Analyses

Putin visits Vietnam: positive declarations yet problems remain

On 20 June, Vladimir Putin paid an official visit to Vietnam, where he met the country’s top politicians, including the president, the prime minister, the general secretary of the ruling Communist Party of Vietnam and the speaker of the parliament. During the visit, talks were held in a broader format. On the Russian side,  these were attended by numerous ministers (of industry, transport, energy, and the deputy minister of defence), heads of state-run institutions (for foreign military-technical cooperation and investment) and CEOs of state-controlled companies (Rosoboroneksport, Zarubezhneft, Novatek, Rosatom and VEB bank). A political declaration and several inter-ministry and inter-company agreements were signed, most of which have the status of non-binding memorandums. The Zarubezhneft company has obtained a licence to develop another field in the Vietnamese economic zone on the continental shelf of the South China Sea (the so-called Block 11-2).
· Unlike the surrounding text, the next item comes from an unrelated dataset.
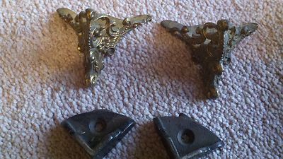 Antique Waterbury Black Mantel Clock Gilt Front & Back Feet Parts Set of 4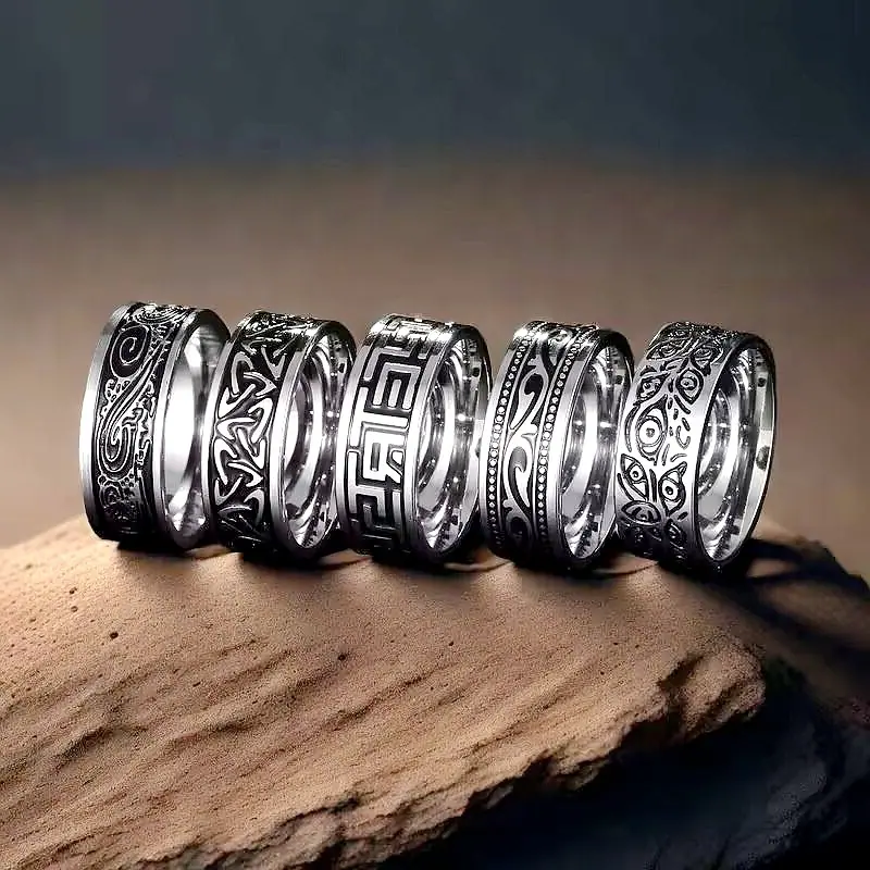 Fuente Venta al por Mayor Mano Estilo Caliente Europeo y Americano Retro Anillo Comercio Electrónico Anillo Popular de Acero de Titanio Personalidad Pareja Joyería de Moda

Hanoi has been Moscow’s long-term political partner. What The post-Soviet Russian elite and the Vietnamese communist elite share is their memory of the support which the USSR consistently provided to the Communist Party of Vietnam during conflicts in Mainland Southeast Asia for most of the period between 1945 and the second half of the 1980s (these involved consecutive wars against France, South Vietnam, the United States, Cambodia and China). Their links were particularly strong in the military-technical sector. The Vietnamese armed forces were almost exclusively equipped with Soviet- and Russian-made armaments some Vietnamese officers were trained in Russia. After China, Japan and South Korea, Vietnam is the Russian Federation’s most important trade partner in East Asia and South Asia.

Commentary

  • Putin’s visit should be interpreted as an attempt to impart a new dynamic to the bilateral relations and to prevent Hanoi from continuing its pro-Western shift which to a large degree results from its concerns about China’s growing power and assertiveness (Vietnam is in a dispute with China over the delimitation of maritime borders in the South China Sea regarding the continental shelf and the islands). Despite its shift to the East, which it announced at the beginning of the 2010s, in recent years Moscow has neglected its relations with Hanoi. Putin last visited Vietnam in 2017 and trade between the two countries had already stalled prior to Russia’s invasion of Ukraine (especially compared to a spectacular rise in both countries’ trade with China). Following the Russian invasion, the value of Russian-Vietnamese trade fell from around $7 bn in 2021 to less than $5 bn in 2022, and in 2023 it increased by just 8%. An agreement signed in 2017 regarding Rosatom’s intention to build a nuclear research centre in Vietnam has not been implemented so far.
  • The decline in Russian-Vietnamese cooperation was also clear in the military-technical sector. According to figures compiled by SIPRI, the value of Vietnam’s imports from Russia decreased significantly from around 2018, and Vietnam began to openly declare its intention to diversify its sources of arms supplies. This drop was also due to Hanoi’s unwillingness to violate US sanctions regarding cooperation with the Russian defence sector. Meanwhile, Vietnam began to actively develop its economic cooperation with the West and its political & strategic relations with the US.
  • The visit has been largely designed for its propaganda effects. Both sides made every effort to create the impression that the mutual relations are problem-free and that they are willing to enhance cooperation in all fields. The Russian side has expressed its appreciation of Hanoi’s “balanced and objective” stance on Russia’s invasion of Ukraine, and Vietnam has declared its support for Moscow’s international initiatives which are de facto anti-Western (the‘Great Eurasian Partnership’, the construction of a security system in Asia which is not based on blocs but on  the principle of indivisible security, the ‘de-politicisation’ of the Organisation for the Prohibition of Chemical Weapons, the fight against ‘historical revisionism’ regarding the Second World War etc.).
  • Aside from the licence for Zarubezhneft, the visit has failed to bring about specific results in the form of agreements which could revive  economic or military cooperation between Moscow and Hanoi (even though the Russian delegation included as many as three officials responsible for military-technical cooperation). After his talks with representatives of the Vietnamese leadership, during a meeting with graduates of Soviet and Russian universities, Putin admitted that there were major problems hampering payments in bilateral trade and revealed that Hanoi refused to handle Western-made passenger planes operated by Russian airlines. Alongside this, he effectively accused the Vietnamese side of lacking the political will to devise an effective payments mechanism. It is unlikely that Hanoi will modify its current cautious policy as regards sanctions violations, considering the importance of Vietnam’s dynamically developing economic cooperation with the West (it is currently hosting foreign investments worth $36 bn) and the need to seek US support in the context of China’s growing role.